尽管现代经济发展的进程中总是伴随着形形色色的金融风险,但回顾巴塞尔资本协议的演进历史,依然能够看到范围、内涵和技术等三个领域的进步对于全球经济和金融稳定发挥的巨大作用。客观风险的变化永无止境,决定了无法一劳永逸地“根治”金融风险,我们只能在“没有最好,只有更好”的客观规律探索中,期待全球智慧体现在新的监管框架中。

作为中国银行业前进与发展的参与者,我有幸见证了中国银行业的飞速发展,也见证了中国银行业风险管理能力的巨大进步。从计划体制转轨市场经济的过程中,中国银行业开始理解风险和经营风险的意义。20 世纪 90 年代,中国银行业对于风险的理解就是不良资产,采用“一逾两呆”(逾期、呆滞、呆账)的信用风险评价模式,同时尝试资产负债比例管理。然而,真正促使中国银行业经营理念、体制流程、经营技术发生质变的,是我们在世纪之交引入巴塞尔资本协议。监管部门在金融危机前后不断深化对巴塞尔资本协议的认识,并主动推进巴塞尔资本协议中国化。中国银行业管理水平快速提升的过程,客观上也是学习巴塞尔资本协议、应用巴塞尔资本协议、改进银行经营与监管的过程。巴塞尔协议最开始是防止银行风险失控的,怎么才能够防止银行风险失控呢,就是靠资本;怎么才能够表明有充足的资本呢,前提就是能够准确地计量风险。然而,计量风险不仅是为了应对危机,还对银行选择风险、安排风险有非常重要的作用,它促进了银行真正打牢经营基础。银行风险技术水平的进步与巴塞尔协议密切相关,可以说巴塞尔协议是我国银行技术进步的主要驱动力,也是我们缩小与国际领先银行实践的基本途径。银保监会发布的《银行业金融机构全面风险管理指引》,明确涵盖了信用、市场、流动性、操作、国别等九大类风险,监管资本充足率的计算已经允许大型银行采用内部模型输出的参数(需经过银保监会的核准)。至少几家国有大型银行,违约概率(PD)、违约损失率(LGD)等计量技术水平与国际领先银行差距不断缩小。

特别强调中国银行业巨大进步的原因在于作为一个多年银行从业者,我经历过中国银行业整体“技术性破产”的忐忑期,也经历过全面学习和实践先进风险管理技术特别是巴塞尔资本协议的兴奋期,更经历过一遇到风吹草动就铺天盖地质疑的尴尬期。

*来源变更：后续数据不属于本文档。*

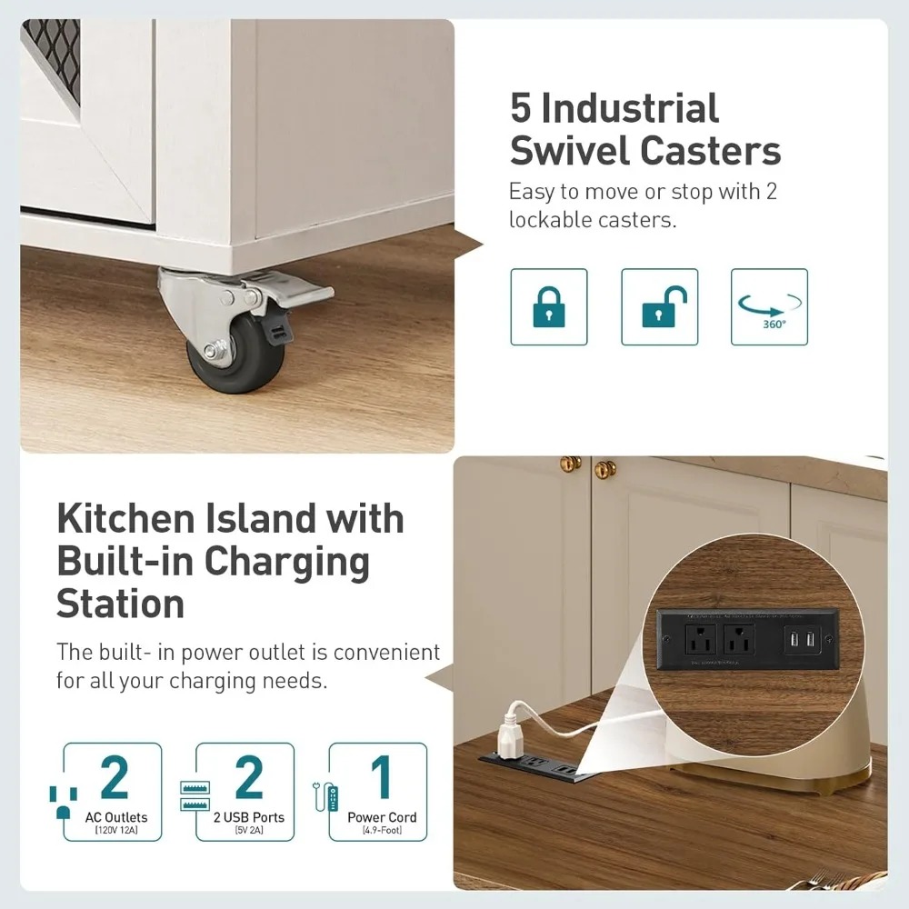 - Convenient Power Access: With a 4.9-foot long power cord, 2 AC outlets and 2 USB-A ports, the kitchen island offers a hassle-free charging solution for your coffee maker, microwave, toaster, and other kitchen appliances, boosting cooking efficiency with ease
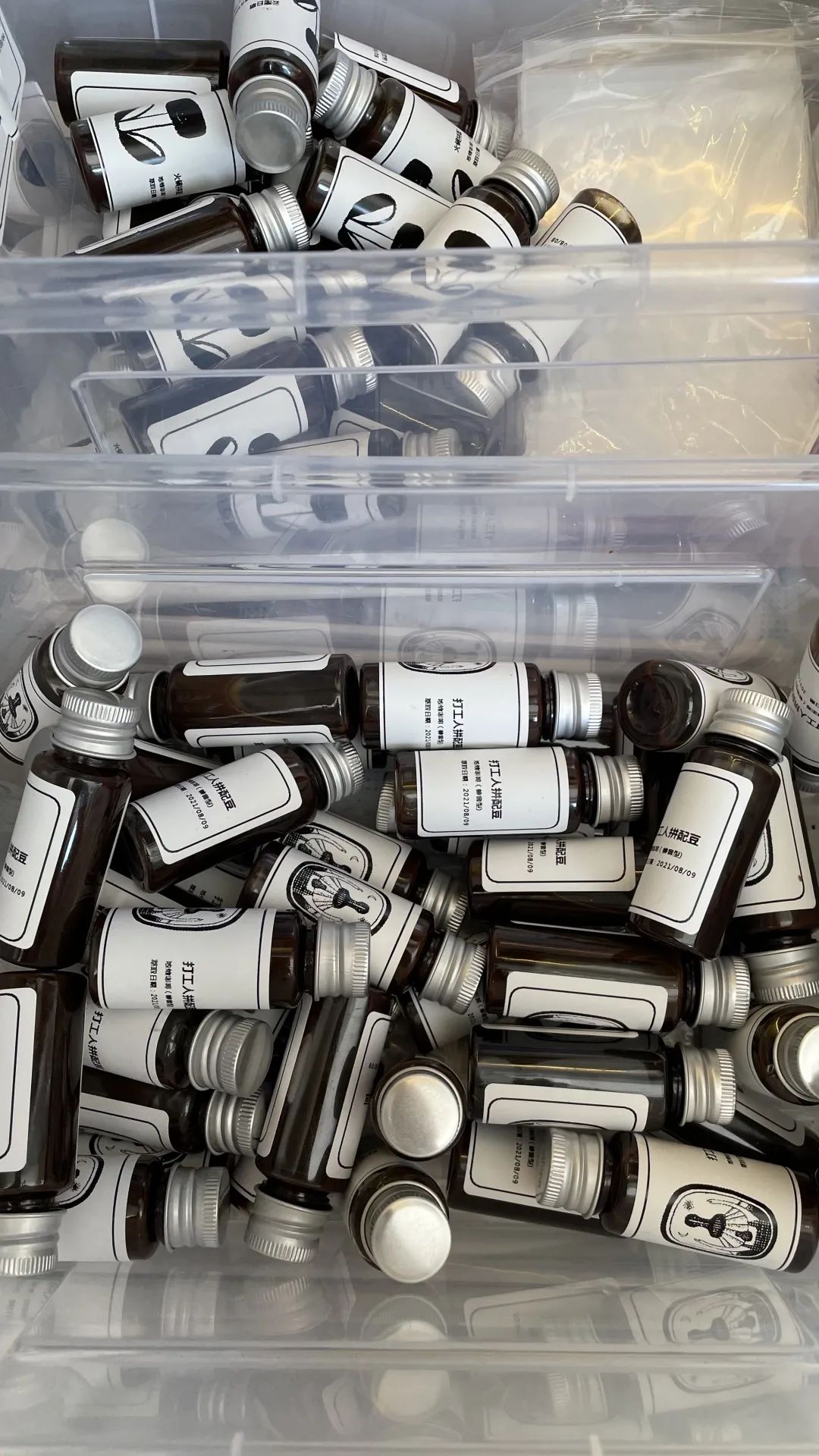 咖啡机基本没有歇过火,豆子在刀片间被磨碎的声音持续回响在磨豆仓和出粉口。一边是咖啡师在不断萃取,一边是店员熟练且稳定的折打包袋,以及为做好的咖啡封口,再包上保鲜膜和保温袋。
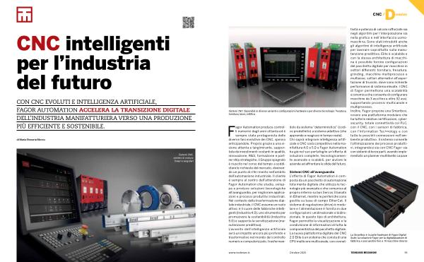 Fagor Automation produce controlli numerici dagli anni ottanta ed è sempre stata protagonista delle diverse fasi evolutive dei CNC, spesso anticipandole. Proprio grazie a una visione attenta e lungimirante, supportata da investimenti costanti in qualità, innovazione, R & S, formazione e partnership strategiche, il Gruppo spagnolo è riuscito nel corso del tempo a soddisfare le richieste del mercato, divenendo un punto di riferimento nell’ ambito dell’ automazione industriale. Il cliente è sempre al centro dell’ attenzione di Fagor Automation che studia, sviluppa e produce soluzioni tecnologiche all’ avanguardia, per migliorare applicazioni e processi produttivi industriali. Nel contesto della trasformazione digitale industriale, il CNC assume un ruolo attivo: è il cuore delle fabbriche intelligenti( Industria 4.0), uno strumento per promuovere la sostenibilità( Industria 5.0) e supporta la servitizzazione( manutenzione predittiva). L’ avvento dell’ intelligenza artificiale avrà un impatto ancora più profondo e trasformativo nel mondo del controllo numerico computerizzato, trasformandolo da sistema“ deterministico”( codice predefinito) a sistema adattivo( che apprende e reagisce in tempo reale). Chi saprà integrare intelligenza artificiale e CNC sarà competitivo nella manifattura 4.0 e 5.0 e Fagor Automation ha già nel suo portafoglio un’ offerta di soluzioni complete, tecnologicamente avanzate e scalabili, per aiutare le aziende ad affrontare le sfide del futuro.
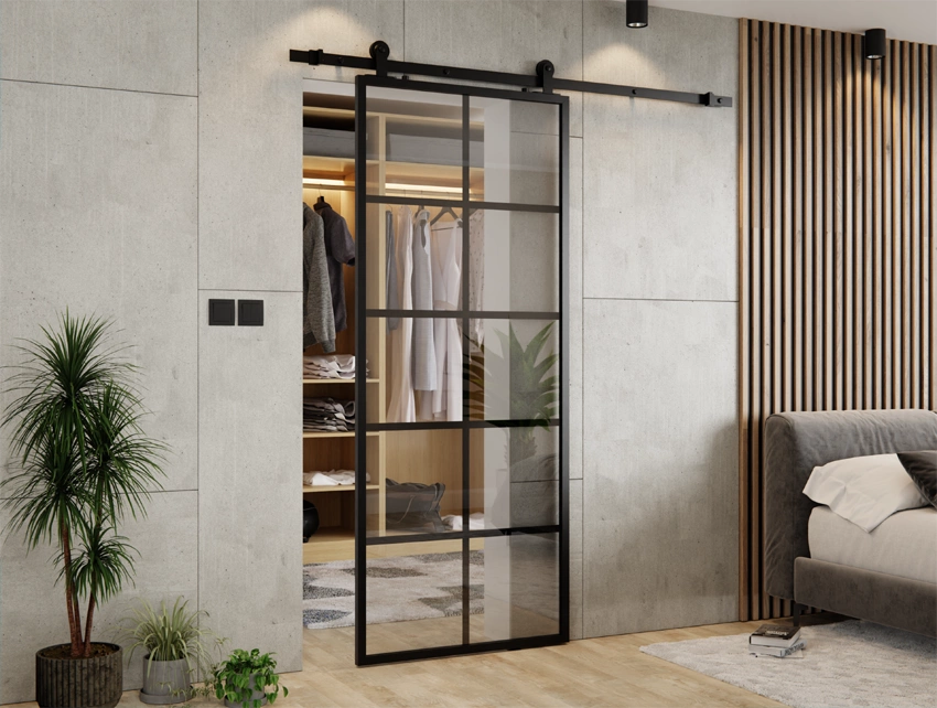 DRZWI PRZESUWNE 100X210 SYSTEM ALUMINIUM CZARNE FLOAT (12 PÓL) Sito

我们来之不易的成绩,不仅是各方面付出和能力提升的结果,更是我们正视不足和解决问题的基础。成绩和不足的分析,总是“仁者见仁,智者见智”,但有几点应该引起大家的关注:一是深刻理解巴塞尔协议。持续演进的巴塞尔资本协议,不是某几个人搞的文字游戏,而是有着现实基础和理论根基的鲜活体系,需要秉持专业态度透过协议本身,理解现代银行风险管理的精髓。二是准确评价全球实施进展。很多人仅从字面意思,推断欧洲、美国等主要经济体不重视资本协议的结论。实际上,无论是欧洲还是美国,在很多方面比如压力测试等,根据自身情况采取了更严格的标准。三是警惕 2017 年以来一些美国政治家不断要求调整国际金融危机以来所谓“过严”金融监管政策的舆论倾向。一般来说,人们都会避免被同一块石头重复绊倒,但随着时间的推移,侥幸心理会越来越冲淡被石头绊倒的痛苦记忆。

未来全球金融是否会被同一块石头再次绊倒?中国金融改革发展战略到底应该怎样选择?至少有一点是可以肯定的,中国金融业的改革发展有自己的特色和路径,虽然我们认为它不一定是最好的,但它是切合当时中国实际情况的,我们的探索还在继续进行。今后中国的金融改革和银行业的发展,应当紧紧围绕实体经济的金融需求,广泛吸取和借鉴国际经验教训,寻找中国金融改革发展的内在驱动力。虽然中国银行业的进步很大,但是我们的基础还很薄弱,结构性问题依然突出,仍要不断地继续探索,我们似乎又到了十字路口。